Из большой комнаты доносились стихотворные призывы применять исключительно новые прокладки, которые впитывают ведро жидкости, оставаясь при этом сухими. Корсаков заглянул в комнату. Катюшка лежала на диване на животе, подложив ладошки под голову и увлеченно смотрела рекламу. Захотелось присесть рядом, обнять ее, ощутить, как бьется ее маленькое сердце, почувствовать чистый запах ее волос.

Стараясь не греметь замком, Корсаков открыл входную дверь. Ирина наблюдала за ним из кухни.

— Можешь встречаться с ней раз в неделю, — сказала она, — но только трезвым, понял?

Игорь сжал до боли сжал зубы.

— Спасибо, дорогая.
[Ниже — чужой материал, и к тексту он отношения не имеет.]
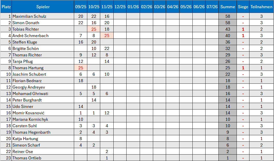 Endstand 3. Mampfe – Blitz vom 13.11.2025:
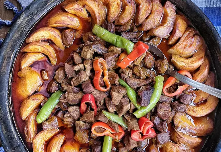 Soğanları ince bir şekilde kıyın. Üzerini geçecek kadar su ile ateşe alın. Su buharlaşıp soğanlar yumuşayıncaya kadar pişirin. Tereyağını ekleyin ve renk alana dek soğanları kavurun. Ardından yıkayıp süzdüğünüz eti tencereye ekleyin. Suyunu salıp çekinceye dek kavurmaya devam edin. Etin rengi değiştikten sonra üzerini geçecek kadar sıcak su ekleyerek pişmeye bırakın.
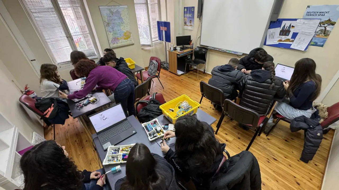 Παράλληλα, το γερμανικό τμήμα επισκέφθηκε το Goethe-Zentrum της Πάτρας και συμμετείχε σε καινοτόμο εκπαιδευτικό πρόγραμμα που συνδύαζε τη ρομποτική, τον προγραμματισμό και τη συνεργατική επίλυση προβλημάτων. Οι μαθητές αξιοποίησαν προγραμματιζόμενα ρομπότ και πλακέτες για τη δημιουργία λειτουργικών έργων, πραγματοποιώντας την κωδικοποίηση τόσο στα γερμανικά όσο και στα ελληνικά, υπό την επίβλεψη των καθηγητών Γερμανικών κ. Η. Χριστόπουλου και κ. Ε. Τερζή. Το πρόγραμμα, που υλοποιείται από το Goethe στην Ελλάδα, έχει ως στόχο την ανάπτυξη δεξιοτήτων όπως η κριτική σκέψη, η επικοινωνία, η συνεργασία και η ψηφιακή δημιουργικότητα.
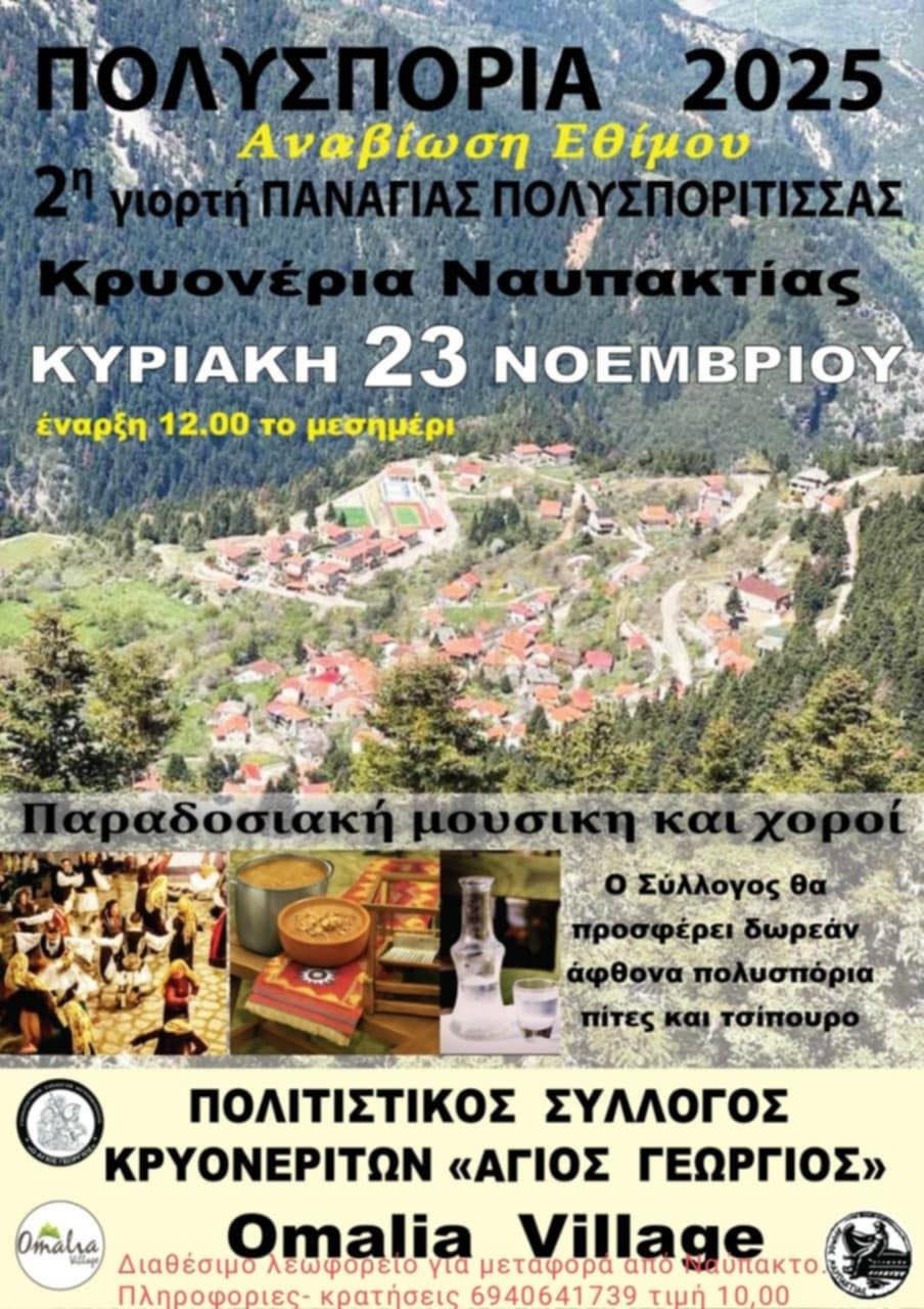 Ο Πολιτιστικός Σύλλογος Κρυονεριτών “Άγιος Γεώργιος” την Κυριακή 23 Νοεμβρίου, στις 12:00, αναβιώνει ένα όμορφο έθιμο του τόπου, αφιερωμένο στην Παναγία τη Μεσοσπορίτισσα – την Πολυσπορίτισσα, προστάτιδα της σποράς και της γης η οποία γιορτάζει στις 21 Νοεμβρίου, ανήμερα των Εισοδίων της Θεοτόκου.
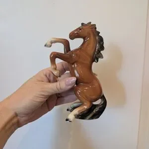Elegant brown ceramic horse figurine with black mane and tail. Perfect for decor.
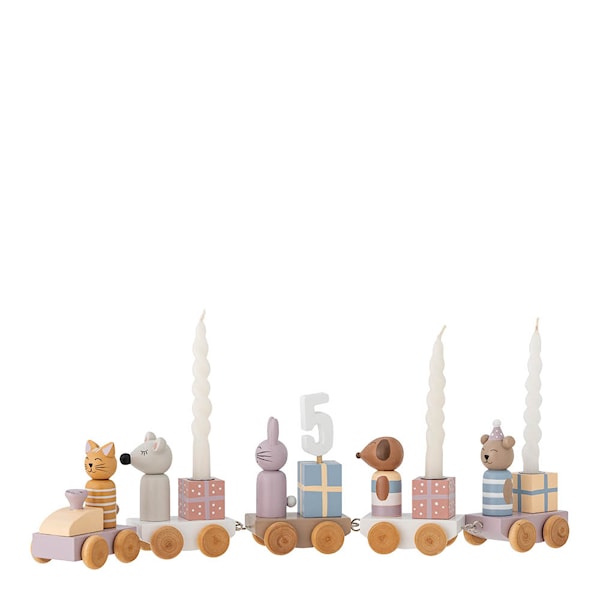 Tåget har plats för tre ljus och kommer med siffror från 0 till 9 för att kunna återanvändas vid varje födelsedag.
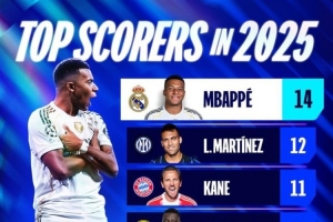 體育資訊12月31日訊 皇馬前鋒姆巴佩在2025年打進(jìn)59球,追平C羅記錄,創(chuàng)個(gè)人年度新高。歐冠官方社媒曬出2025年歐冠射手榜,其中姆巴佩以14球排名榜首。
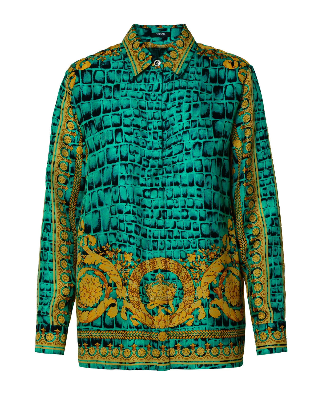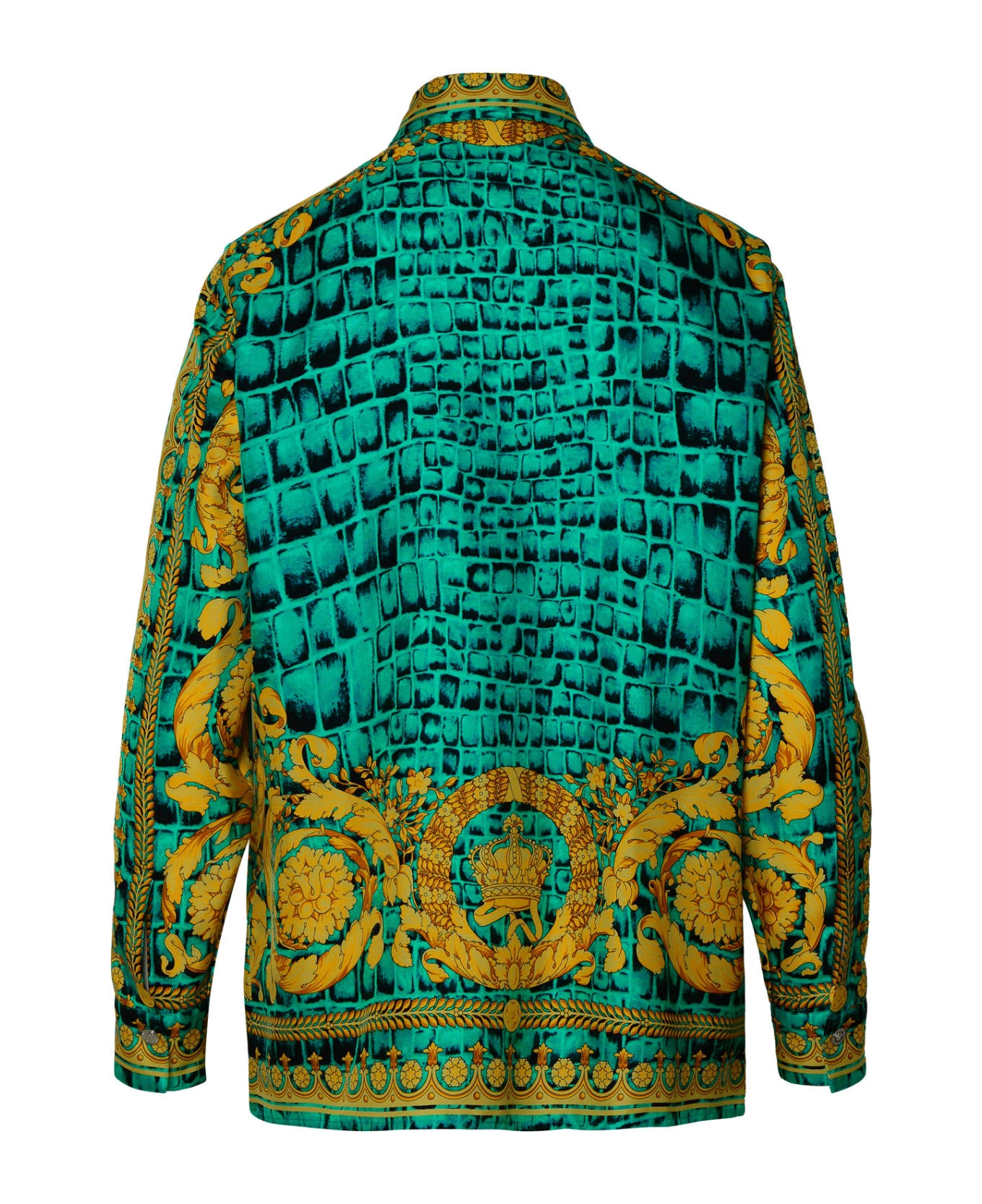 All-over ‘Baroccodile’ print, pointed collar, hidden button cannon, ‘Medusa’ button cuffs

Скажи ей, что папу снова вызвали в командировку.

— Уж найду, что сказать. Но она растет и скоро мне придется сказать ей правду. Правду о том, что ты предпочел шлюх, проституток и всякую пьянь, вроде Лени-Шеста, а мы…

— До встречи на Канарах, дорогая, — сказал Корсаков, закрывая за собой дверь.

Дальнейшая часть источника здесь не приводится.